24 maj 2015

Ja już widziałam maleńką dziecinę

„Ja już widziałam maleńką dziecinę”

ciąża 20 tydzień (250 x 378)
Ja już widziałam

dziecinę małą

niewiarygodne

nieprawdopodobne

choć jeszcze nie ma kilograma

a już wygląda jak mała dama

na swoim miejscu wszystko

najnormalniejsze w świecie dziecko

malutkie uszka nosek

zarys rzęsek

usteczka

oczka

rączki nóżki

malusieńkie paluszki

z dziureczką bródka

ach jaka piękna

mała Jagódka

wierzyć się nie chce

że paluszki sobie ssie

a ja widziałam

na ekranie monitora obserwowałam

widziałam

jak sobie w wodach pływa

jaka jest ruchliwa

jak jej serduszko bije

Jagódka żyje!

żyje!

to cud!

cud prawdziwy!

dziwy!

dziwy nad dziwy!

owoc  miłości

owoc dojrzałości

Boży dar

 
teraz czekam

aż pojawi się na świecie

to maleńkie dziecię

 

dzięki Ci Boże za ten dar

marzenie małżeńskich par

 

 

 

 

8 komentarzy:

  1. Czyżby to wnuczka?

    Miłej niedzieli :)

    OdpowiedzUsuń
  2. Antoneto, no patrz jak teraz wszystko wygląda. Kiedyś nie miałyśmy pojęcia kto na świecie się pojawi, a teraz można się przywitac z maleństwem dzięki niesamowitej technice. Cudne to jest.

    Pozdrawiam :)

    OdpowiedzUsuń
  3. Antoneto, ja teczekam na Jagódkę, moją drugą wnuczkę, która ma się urodzić już w czerwcu ! Nie możemy się już doczekać...

    OdpowiedzUsuń
  4. Tak, rośnie wnuczka u mamusi pod sercem :)

    Pozdrawiam :)

    OdpowiedzUsuń
  5. Wiesz Elu, ja moją najmłodszą córkę też już podziwiałam na ekranie monitora. Między najstarszą a najmłodszą córką jest przepaść jednego pokolenia.

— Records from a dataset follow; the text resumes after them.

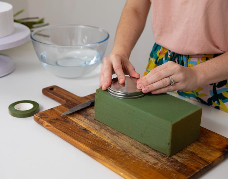 We’re going to start our flower cake topper by creating the base for our flowers to sit in. This will involve using our jar lid and floral foam - the jar lid will sit on our cake and hold the floral foam in place, which is where our flowers will be inserted.
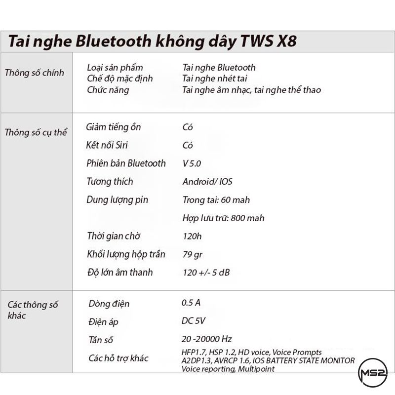- Ra mắt nửa cuối năm 2018, Tai nghe Bluetooth TWS X8 là dòng sản phẩm tai nghe trung cấp được Macstore24h chính thức phân phối. Với thiết kế tinh tế hộp sạc kim loại trụ tròn sang trọng cùng chất lượng âm thanh trung thực rõ nét. Đây thực sự là dòng sản phẩm đã gây ra cơn sốt thị trường nửa sau của năm 2018 so với những dòng sản phẩm tương tự.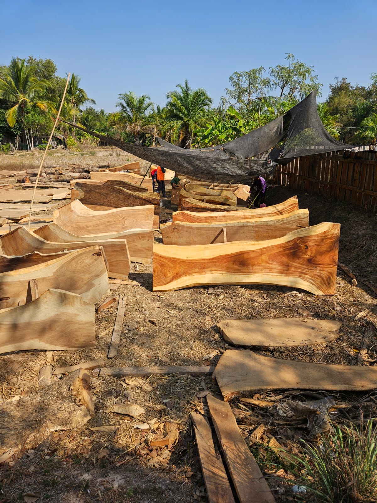 Das verwendete Akazienholz stammt aus kontrolliertem Anbau in Thailand und wird unter fairen Bedingungen verarbeitet. Nach der sorgfältigen Trocknung und Bearbeitung wird jede Tischplatte in traditioneller Handarbeit veredelt – geölt, geschliffen und für den täglichen Gebrauch vorbereitet.

Najstarsza mogłaby być mamą najmłodszej.

    Pozdrawiam :)

    OdpowiedzUsuń
  6. W czerwcu urodzi się mój wnuczek, a wnusia dopiero w październiku.
    My też już nie możemy się doczekać Antosia.
    W takim razie czekamy obie.
    Ciekawe, która doczeka się pierwsza?

    Pozdrawiam cieplutko :)

    OdpowiedzUsuń
  7. Antoneto, jak widać w tym życiu radość ze smutkiem się przeplata. Z jednej są problemy ze zdrowiem Twojej Mamy, a z drugiej strony radość z okazji pociech Twoich dzieci.
    Gratuluję wnucząt. :)

    OdpowiedzUsuń
  8. A jak moja Mama cieszyłaby się z narodzin prawnucząt. Dla niej dzieci były zawsze na pierwszym miejscu. Nie wiem co do Niej dociera w tej chwili.